As an attempt to make the number of delistings grow slower, SGX has revised its rules on the delisting process to make it “less favourable, rather than stop them completely.” 

Under the new laws, companies looking to voluntary delist will now have to pay a higher premium to get a deal completed; receive the approval of 75% of shares held by independent shareholders; and gain the approval of the appointed independent financial advisor (IFA) that they are both 'reasonable' and 'fair'.

Singapore’s IPO market is starting to rebound from its 2018 performance as IPO deals in YTD climbed to $1.54b (US$1.11b) from nine IPO deals, surpassing share sales of $1.27b (US$920m) raised from 24 floats in the previous year, the report cited data from Zephyr.

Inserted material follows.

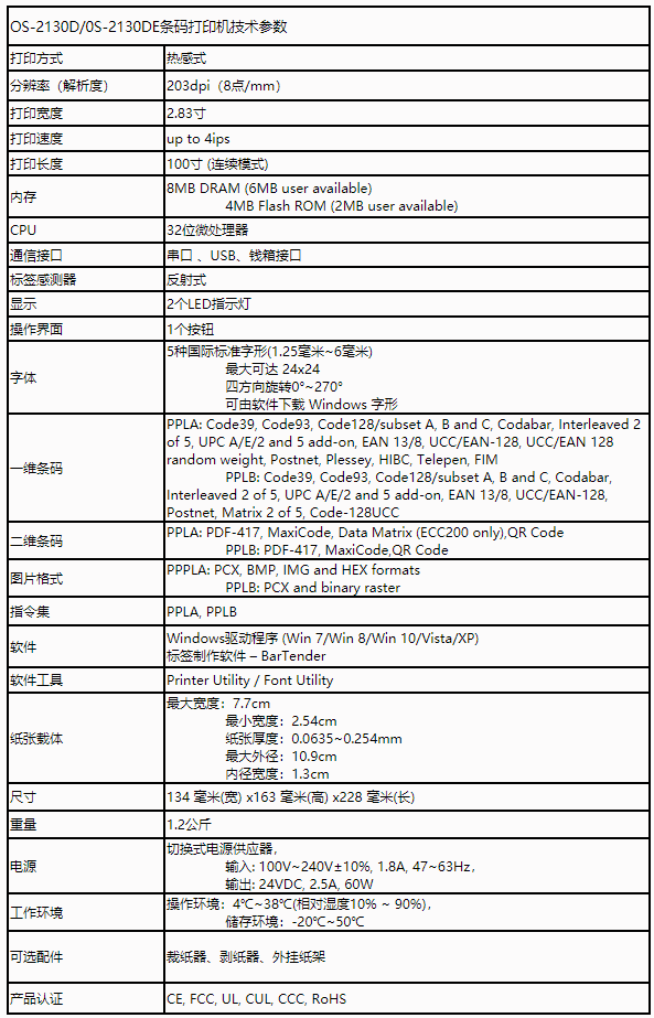 OS-2130D/OS-2130DE 為一款體積小巧的桌上型標(biāo)簽條碼打印機,提供熱感式標(biāo)簽打印,主要的傳輸接口為USB 2.0, 可連接筆記本計算機執(zhí)行打印,適合各種服務(wù)業(yè)使用,例如:收銀柜臺,稱重,郵件收發(fā),銀行,票務(wù),病患追蹤,店面零售等等。

“Whilst the STI’s 2019 performance appears impressive at first glance, zooming out from the headline numbers suggests that the rebound has merely come from a low base to return to more historically average levels. In our view, the same can be said for new listing activity in the SGX,” Fitch Solutions explained.

Fitch Solutions noted that 2018 was an exceptionally slow year for floats and saw just four deals which raised over $138.5m (US$100m). The largest deal was the proposed US$245.4m float of an unknown stake in power distribution holding company Summit Power International. The deal failed to reach the market as it was postponed having cited a lack of demand from equity capital market (ECM) investors for non-real estate investment trust (REIT) listings on the SGX.

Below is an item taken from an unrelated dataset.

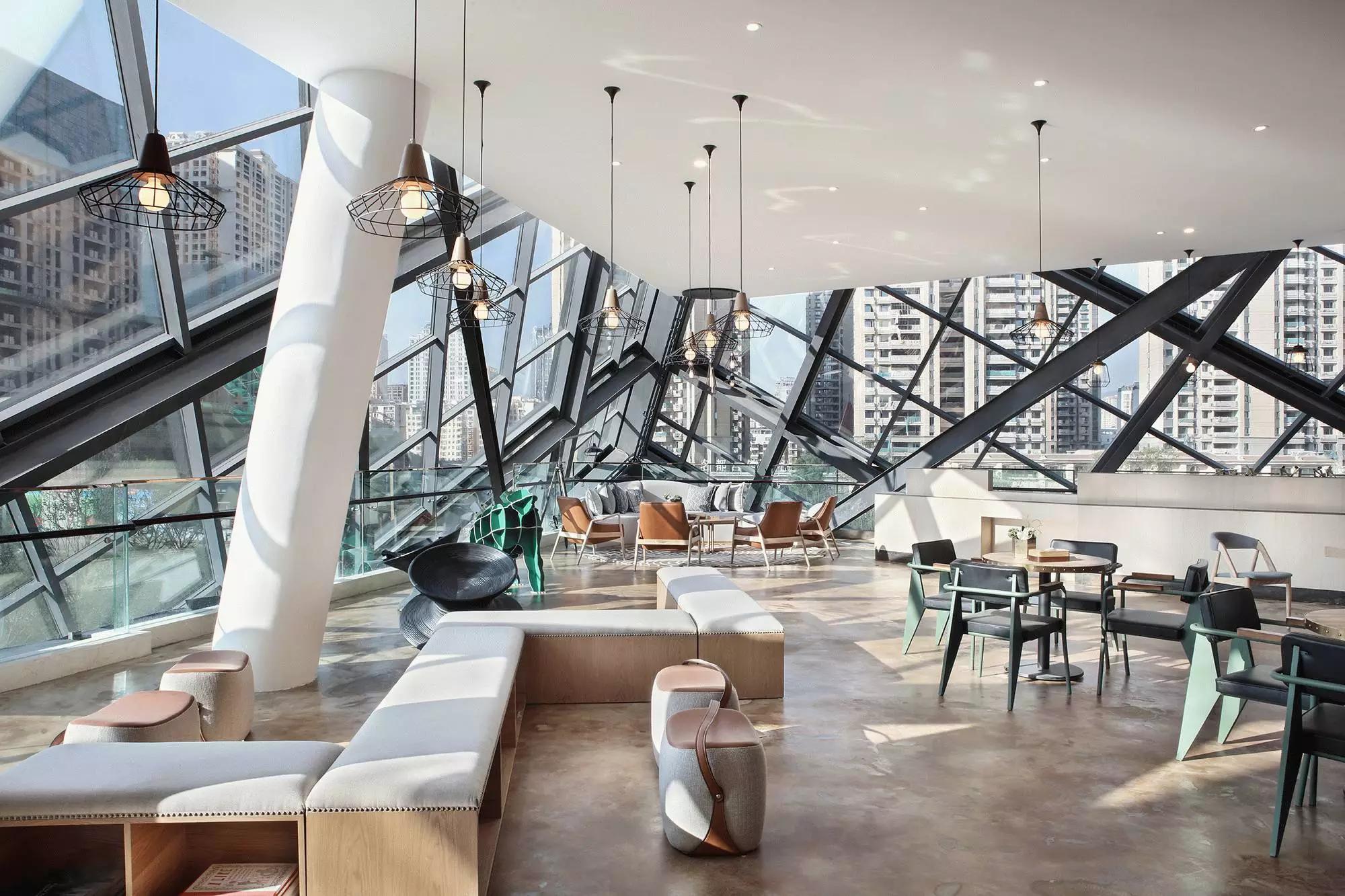 項(xiàng)目原屬昆明聯(lián)想科技城,后由融創(chuàng)地產(chǎn)接盤(pán),他們希望將該建筑打造成為集辦公、商業(yè)、展示等多元化為一體的空間,并使其成為昆明新的城市地標(biāo)建筑。接手本案的主創(chuàng)設(shè)計(jì)師是默存設(shè)計(jì)的季青濤,作為具有建筑師背景的主創(chuàng)設(shè)計(jì)師,從建筑空間的思維從事空間設(shè)計(jì)便成為一種必然。在原有“盒子”空間的內(nèi)部,設(shè)計(jì)師以木結(jié)構(gòu)對(duì)空間進(jìn)行了重組和分割。

In H1, the two notable deals involved ARA US Hospitality Trust and Eagle Hospitality REIT. ARA US Hospitality Trust is the first listed US hospitality trust on the local bourse, which priced its stapled securities at $1.19 (US$0.88) apiece, whilst Eagle Hospitality REIT’s 580.56 million securities were offered at $1.06 (US$0.78) apiece. In addition, Prime US Real Estate Investment Trust’s IPO deal also went above $138.5m (US$100m) with a $408.54m (US$294.98m) float.

As all three deals are comprised of REITS and Summit Power is a non-REIT, Fitch noted that ECM investors are starting to lose appetite with non-REIT deals. 

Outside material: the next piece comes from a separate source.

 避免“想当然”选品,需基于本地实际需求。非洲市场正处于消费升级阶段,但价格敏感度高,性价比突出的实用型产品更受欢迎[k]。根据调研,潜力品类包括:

“Such deals suggest that the SGX remains a go-to fundraising source for the Singaporean REIT sector, which continues to ranks as the biggest in Asia (excluding Japan). We note that there are 42 REITs and property trusts active in Singapore at the time of writing, with a combined market capitalisation of $90b representing a substantial portion of the real estate market,” Fitch solutions continued. 

Furthermore, ECM investors continue to receive support from the government as well, citing MAS’ decision way back 2015 when they decided to cut 60% leverage limit for REITs that retain a credit rating, which would subsequently be subject to the same limit as other REITs.

MAS added that it would raise the leverage limit for all REITs to 45% of the total assets, up from 35%. Furthermore, it increased the limit on property developments by 15-25% of a REIT's assets to allow for more operational flexibility.